= Problem details =
Each line below should be repeated exactly as written, with no pictures carried over.

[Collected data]
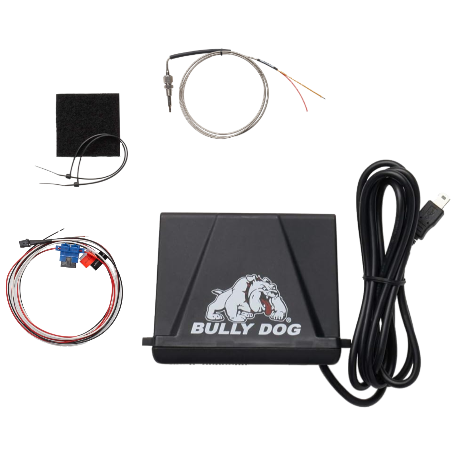The Pyrometer Probe Kit comes with all the parts and pieces necessary to acquire exhaust gas temperatures to display on the Mini Maxx V1 & V2, the Watch Dog, or the PMT (PMT comes with all parts seen above). This kit includes one pyrometer probe which will capture one temperature reading along the exhaust stream. The PCH board, the electronic dock for the pyrometer probe, can accommodate up to two pyrometer probes offering the ability to capture exhaust gas temperatures for two different locations along the exhaust stream. The Bully Dog devices that utilize this kit all have the programming ability to display up to two pyrometer temperature readings simultaneously. Installing a Pyrometer Probe Kit along with a Mini Maxx, unlocks the safety defueling feature for defueling based on exhaust gas temperatures.
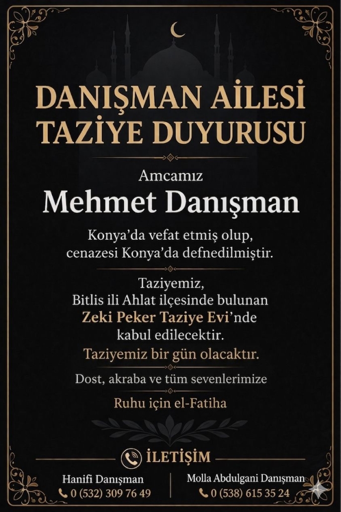 SERHED HABER - Muş Bulanık Söğütlü Köyünden Danışman Ailesi Büyüklerinden Mehmet Danışman Konya’da Vefat etmiştir Cenazesi Konya’da Defin edilecektir.
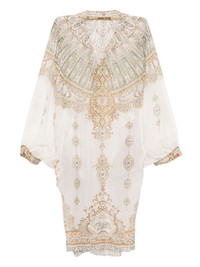 Ottoman Dynasty cape Highlights - Ivory - Open front - Buttoned cuffs - Rhinestone embellishment Imported Composition Silk 100% SIZE & FIT Measurement BUST 43.3 in(110 cm) Shoulder Width 16.53 in(42 cm) SLEEVE LENGTH 35.43 in(90 cm) WAIST 43.3 in(110 cm) Washing instructions Dry Clean Only
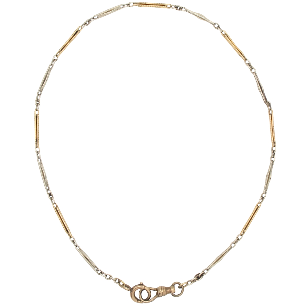 Art Deco Watch Chain 14K Two-Tone Gold 14 Inch Length
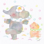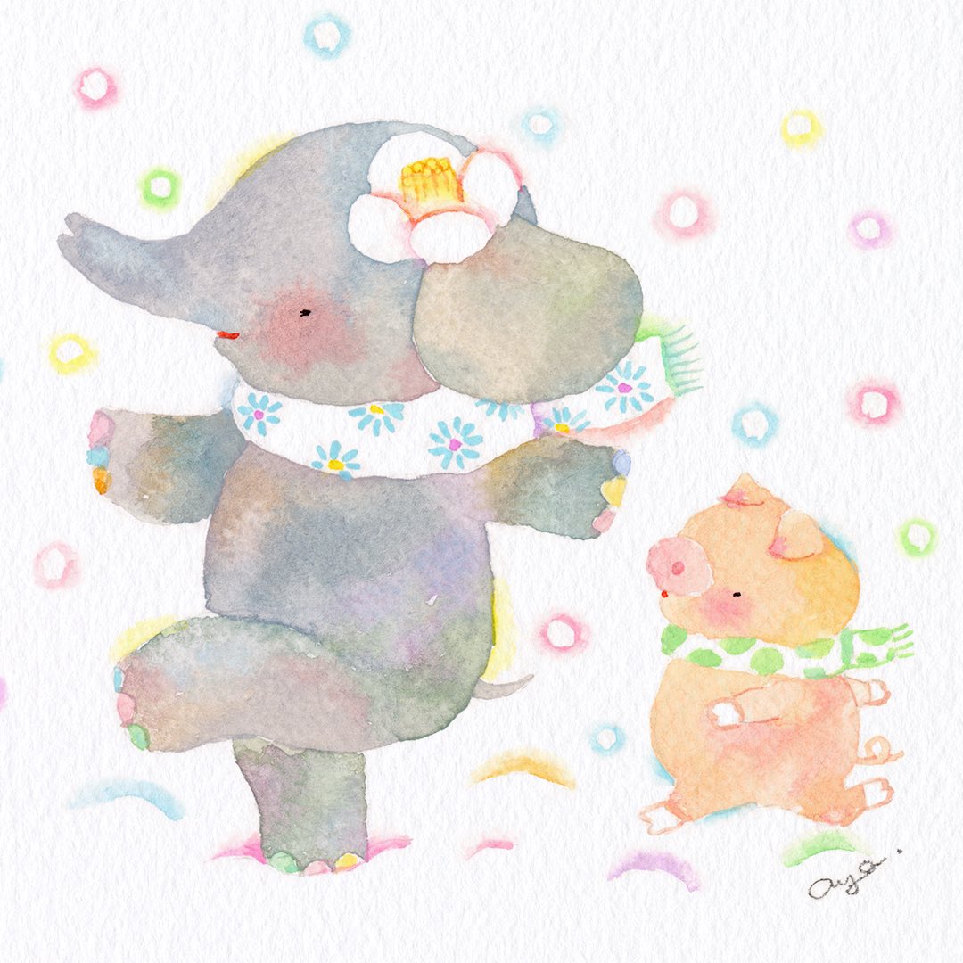 雪の日のお散歩♪ おともだちとなら楽しいな♪🐘🐷⛄❄✨✨ #絵 #水彩画 #絵 #水彩 #透明水彩 #イラスト #drawing #illustration #手描きイラスト #アナログイラスト #watercolor #こばやしあや #painthing #お絵かき #watercolorartist #watercolorart #ぞう #ぶたさん #雪 #マフラー #sunou
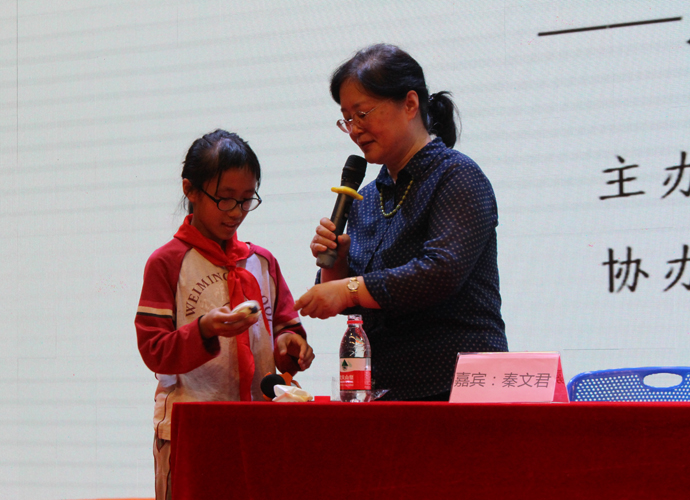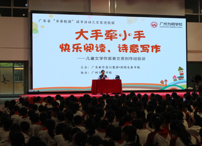 10月26日,我校联合广东省新华书店开展“名家大师进校园”活动,邀请了著名儿童文学作家秦文君女士走进为明、走近孩子身边。她以“大手牵小手——快乐阅读,诗意写作”为题,分享了自己生活中关于阅读和写作的真实经历。
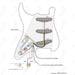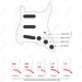 Diagrama de fiação do pickguard pré-montado ST-SSS com misturador de sete sons e captador Wilkinson M mais interruptor importado.
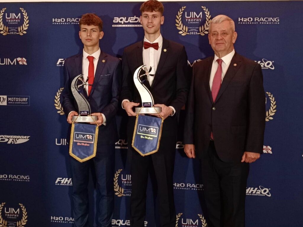 Šogad Starptautiskās ūdenssporta apvienības pasaules čempiona titulu saņēmēju balvas pasniedza baušķeniekiem Nilam un Ardim Slakteriem par panākumiem ātrumlaivu sacensībās.
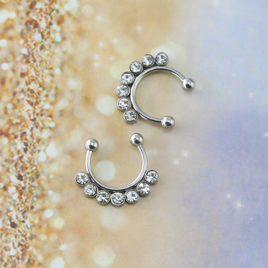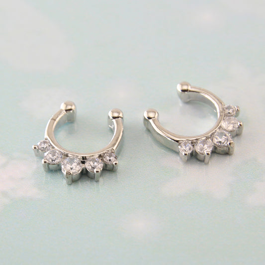16G Non Piercing Septum Ring White Zircon False Nose Piercing Jewelry
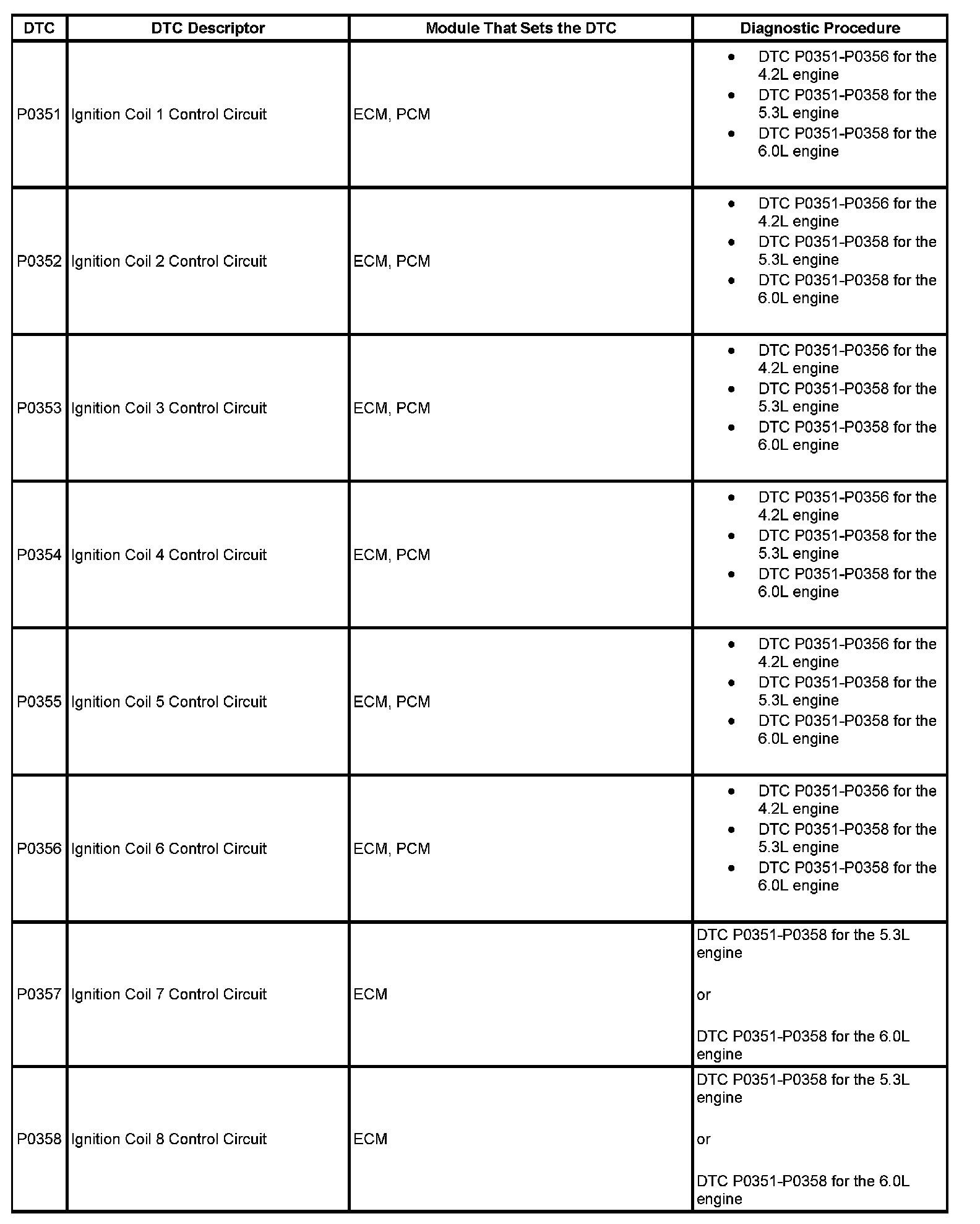 DTCs P0351 - P0358:
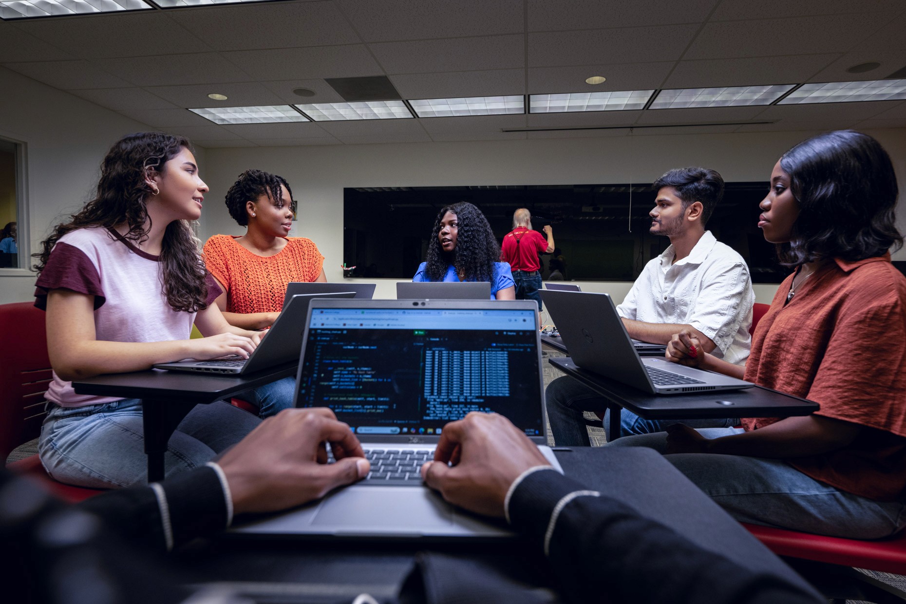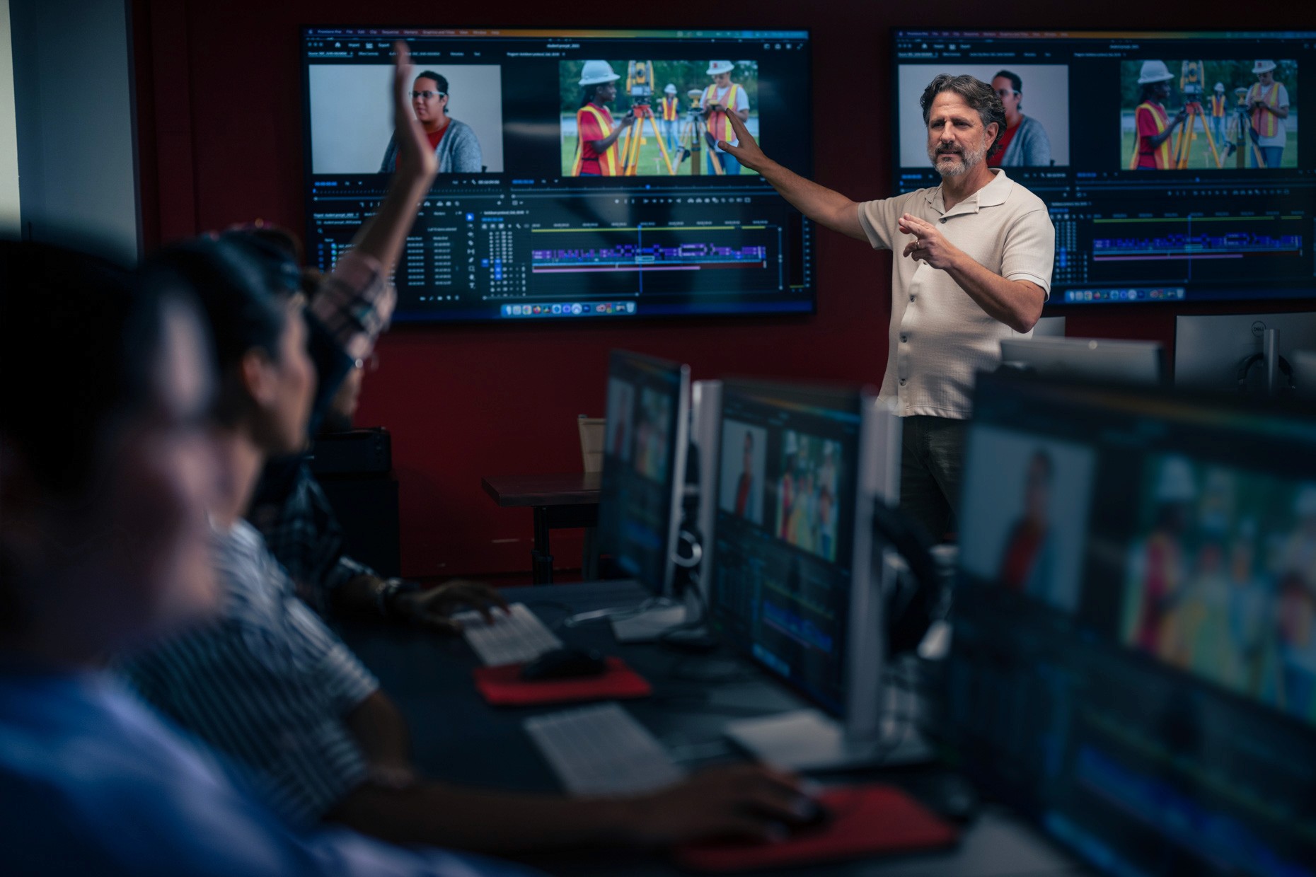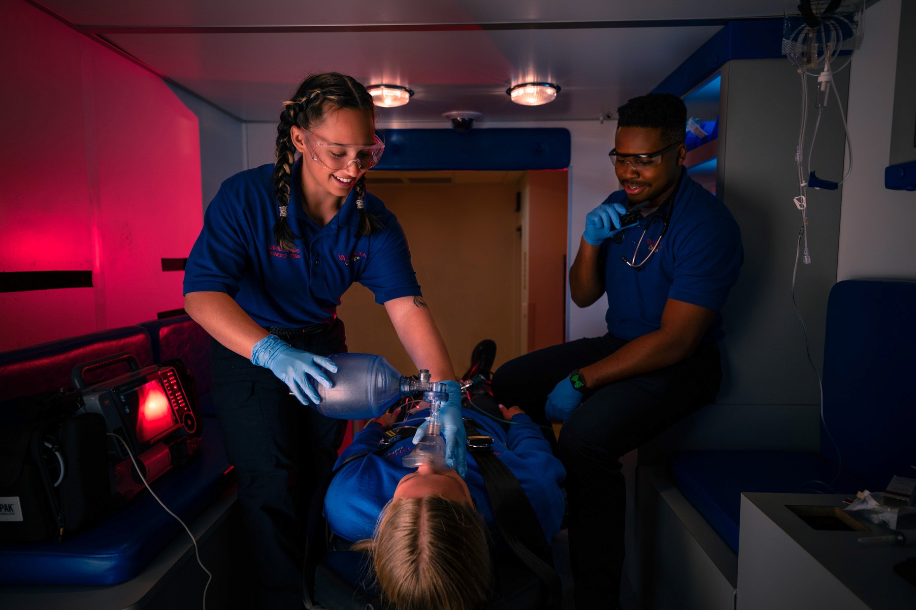 No two programs looked the same. Semiconductor engineering meant clean rooms and bunny suits at Osceola Campus. EMS meant ambulances and paramedic gear in a parking lot at West Campus. Film production meant studio lighting rigs and editing bays at East Campus. Fire science technology meant investigators with clipboards assessing burn aftermath, not the dramatic live-burn photos the college already had.

= Answer space =
The Pyrometer Probe Kit comes with all the parts and pieces necessary to acquire exhaust gas temperatures to display on the Mini Maxx V1 & V2, the Watch Dog, or the PMT (PMT comes with all parts seen above). This kit includes one pyrometer probe which will capture one temperature reading along the exhaust stream. The PCH board, the electronic dock for the pyrometer probe, can accommodate up to two pyrometer probes offering the ability to capture exhaust gas temperatures for two different locations along the exhaust stream. The Bully Dog devices that utilize this kit all have the programming ability to display up to two pyrometer temperature readings simultaneously. Installing a Pyrometer Probe Kit along with a Mini Maxx, unlocks the safety defueling feature for defueling based on exhaust gas temperatures.
 SERHED HABER - Muş Bulanık Söğütlü Köyünden Danışman Ailesi Büyüklerinden Mehmet Danışman Konya’da Vefat etmiştir Cenazesi Konya’da Defin edilecektir.
 Ottoman Dynasty cape Highlights - Ivory - Open front - Buttoned cuffs - Rhinestone embellishment Imported Composition Silk 100% SIZE & FIT Measurement BUST 43.3 in(110 cm) Shoulder Width 16.53 in(42 cm) SLEEVE LENGTH 35.43 in(90 cm) WAIST 43.3 in(110 cm) Washing instructions Dry Clean Only
 Art Deco Watch Chain 14K Two-Tone Gold 14 Inch Length
 雪の日のお散歩♪ おともだちとなら楽しいな♪🐘🐷⛄❄✨✨ #絵 #水彩画 #絵 #水彩 #透明水彩 #イラスト #drawing #illustration #手描きイラスト #アナログイラスト #watercolor #こばやしあや #painthing #お絵かき #watercolorartist #watercolorart #ぞう #ぶたさん #雪 #マフラー #sunou
 10月26日,我校联合广东省新华书店开展“名家大师进校园”活动,邀请了著名儿童文学作家秦文君女士走进为明、走近孩子身边。她以“大手牵小手——快乐阅读,诗意写作”为题,分享了自己生活中关于阅读和写作的真实经历。
 Diagrama de fiação do pickguard pré-montado ST-SSS com misturador de sete sons e captador Wilkinson M mais interruptor importado.
 Šogad Starptautiskās ūdenssporta apvienības pasaules čempiona titulu saņēmēju balvas pasniedza baušķeniekiem Nilam un Ardim Slakteriem par panākumiem ātrumlaivu sacensībās.
16G Non Piercing Septum Ring White Zircon False Nose Piercing Jewelry
 DTCs P0351 - P0358:
 No two programs looked the same. Semiconductor engineering meant clean rooms and bunny suits at Osceola Campus. EMS meant ambulances and paramedic gear in a parking lot at West Campus. Film production meant studio lighting rigs and editing bays at East Campus. Fire science technology meant investigators with clipboards assessing burn aftermath, not the dramatic live-burn photos the college already had.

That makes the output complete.